In 2015, Chadha made her debut in a leading role with the drama Masaan (2015).

Early life and education 
Chadha was born on 18 December 1986 in Amritsar, Punjab, India into a Hindu family to a Punjabi father and a Bihari mother. She was educated at Sardar Patel Vidyalaya and then at the St. Stephen's College in New Delhi. Her father owns a management firm and her mother, Kusum Lata Chadha, is a professor of political science at PGDAV College of Delhi University, who has authored two books and also works with Gandhi Smriti.

Career 
Chadha began her career as a model and then she moved to theater. She has performed plays touring in India

Initial struggles (2008–2011) 

Chadha made her acting debut in a supporting role as Dolly in Dibakar Banerjee-directed 2008 film Oye Lucky! Lucky Oye!. She appeared in the 2010 comedy film Benny and Babloo as Fedora. In the meanwhile, a Kannada movie in which she had acted, titled Nirdoshi was released in 2010 after a delay of almost three years.
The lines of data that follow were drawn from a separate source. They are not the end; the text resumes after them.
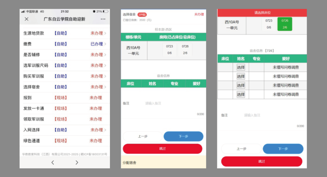 西校区学生公寓(乐思苑)统一为六人间、均采取上床下桌的个人空间形式。宿舍内均配有风扇和空调。
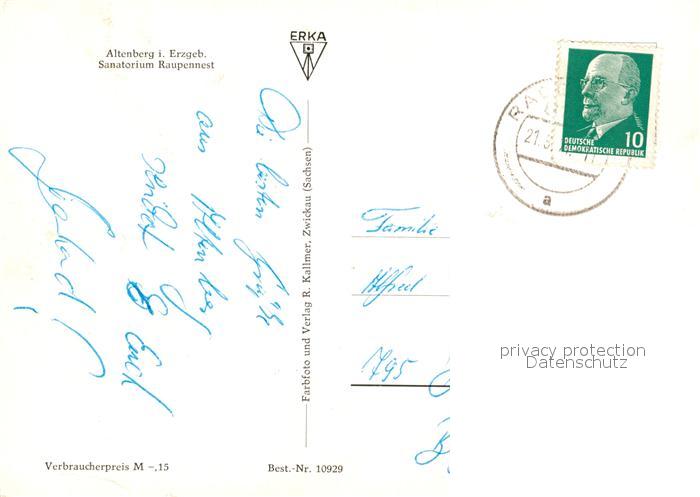 73125142 alte Postkarte Altenberg Erzgebirge Sanatorium Raupennest postalisch gelaufen Erhaltung siehe scans [PaolaD17] KatCode: 11110014290140
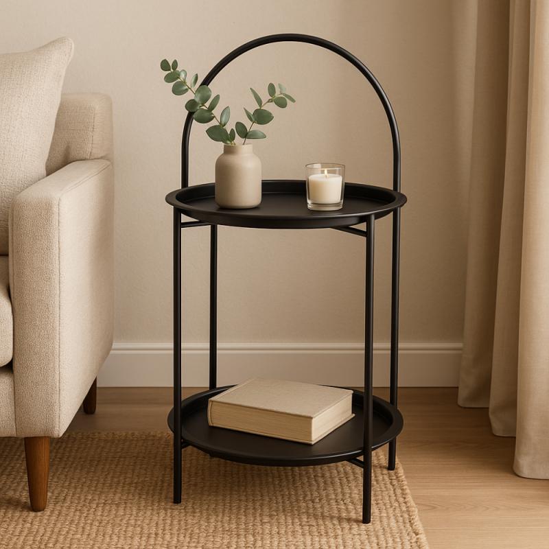 Odkládací stolek nabízí kombinaci funkčnosti a jednoduchého stylu díky pevnému černému kovovému rámu a dvěma praktickým policím, které poskytují dostatek místa pro uložení drobností nebo dekorací. Vrchní část je vybavena úchytem, který usnadňuje přesun stolku podle potřeby, což zvyšuje jeho mobilitu a využitelnost v různých částech domácnosti nebo kanceláře.
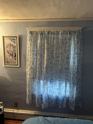 Beautiful and just was I was looking for. Wanted a sheer curtain for my bedroom and love the blue accent. It brightened my space, which was a plus!! There is a tag on the top of each panel that must be removed, placement of that was incorrect by placing at the top. Overall, great inexpensive find!
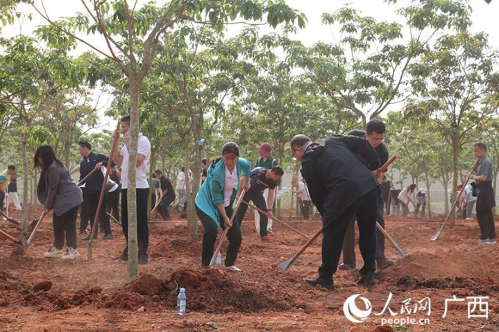 东谈主民网南宁3月27日电(刘璐瑶)春回地面,万物复苏,恰是植树造林的好时节。3月26日上昼,2026年自治区党政军带领与首府各界代表义务植树行动在南宁植物园(青秀山)紫花风铃园举行。全球挥锹铲土、培土浇水,共同种下紫花风铃木1600多株。

Breakthrough and recognition (2012–2015) 
In 2012, she acted in Anurag Kashyap's crime drama Gangs of Wasseypur – Part 1. She stated in an interview that this role as 'Nagma Khatoon' helped her get 11 film roles. The film premiered at the 65th Cannes Film Festival. She reprised her role as Nagma Khatoon in the sequel Gangs of Wasseypur – Part 2. The film premiered in the Cannes Directors' Fortnight at the Cannes Film Festival with its prequel. Chadha received a Filmfare Award nomination in the Best Supporting Actress category and won the Filmfare Critics Award for Best Actress.

Chadha's first release of 2013 came in the Mrighdeep Singh Lamba-directed coming of age comedy  film Fukrey, in which she portrayed a tough-talking female don Bholi Punjaban. She then appeared in one of the segments in the Anurag Kashyap-produced anthology film Shorts titled "Epilogue". Chadha and Shirvastav play a dysfunctional couple who seem extremely unhappy with each other.

Chadha next appeared in a supporting role as Rasila in Sanjay Leela Bhansali-directed drama film Goliyon Ki Raasleela Ram-Leela, an adaptation of the Shakespearean tragedy of Romeo and Juliet. She received a nomination in IIFA Best Supporting Actress category for the role. Chadha next appeared in Navneet Behal-directed 2014 film Tamanchey in the role of Babu, a criminal. It was screened out of competition at the 71st Venice International Film Festival. Her next movie was a biopic of Charles Sobhraj, Main Aur Charles.

Critical and commercial success (2016–present) 
In January 2016, Chadha appeared as a journalist in the social-drama Chalk n Duster. She later appeared in Sarbjit, a biographical-drama film based upon the life of Sarabjit Singh. She portrayed the role of Sukhpreet, and share screen alongside Aishwarya Rai and Randeep Hooda.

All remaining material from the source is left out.